Lors cette recherche, les captations vidéo servent principalement à enregistrer les verbalisations des élèves pour éventuellement en faire l’analyse. Les captations ne sont pas utilisées avec les élèves.

Cela dit, nous sommes conscientes que les élèves rencontrés sont en plein développement de leur potentiel de communication, dont la capacité à s’exprimer verbalement et que cette capacité peut avoir une incidence sur l’accès aux détails lors des entretiens d’explicitation.

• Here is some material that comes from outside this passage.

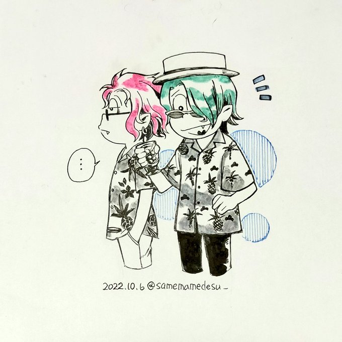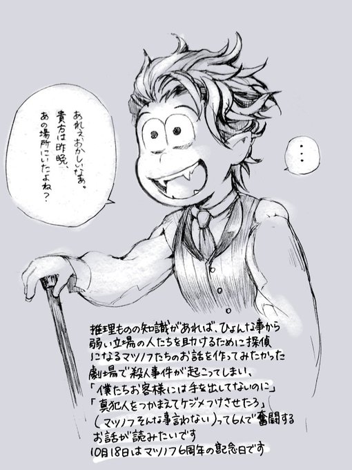 #インク松月間 #インク松月間2022 へそウォunlimitedの表紙(告知画像)でチョロマトゥは何で無印の衣装ではなくサマーの衣装なのか? 答えは『アンティークショップ』だった、サマーの攻撃モーションでアンティークの露店を開いてたから、ヒントだったんだ…!!って気付いて笑顔でお絵描きした☺️

Comme le soulève Schoenfeld (1982), l’entrevue peut être une source de stress pour l’élève. Puisque les conditions nous semblaient moins familières qu’un questionnaire écrit, nous avons joint à l’entretien une autre technique que nous jugeons complémentaire et que nous nommons « je fais comme toi ». Pour ce faire, la chercheure propose de reproduire fidèlement la solution de l’élève sur une autre feuille, au fur et à mesure que l’élève lui raconte l’action. Cette façon de faire privilégie les échanges entre l’élève et la chercheure. Cette technique s’inspire de la pratique d’une enseignante du primaire rapportée par Vézina et Suurtamm (2008). Comme Vézina et Suurtamm (2008) le mentionnent, « cette méthode semble être efficace pour encourager les élèves à communiquer de façon très explicite la démarche utilisée, ce qui permet de la reproduire le plus fidèlement possible » (p.265). Cet appui facilite l’entrée dans l’entretien d’explicitation pour les élèves et favorise, de notre point de vue, les retours sur certains moments de la résolution.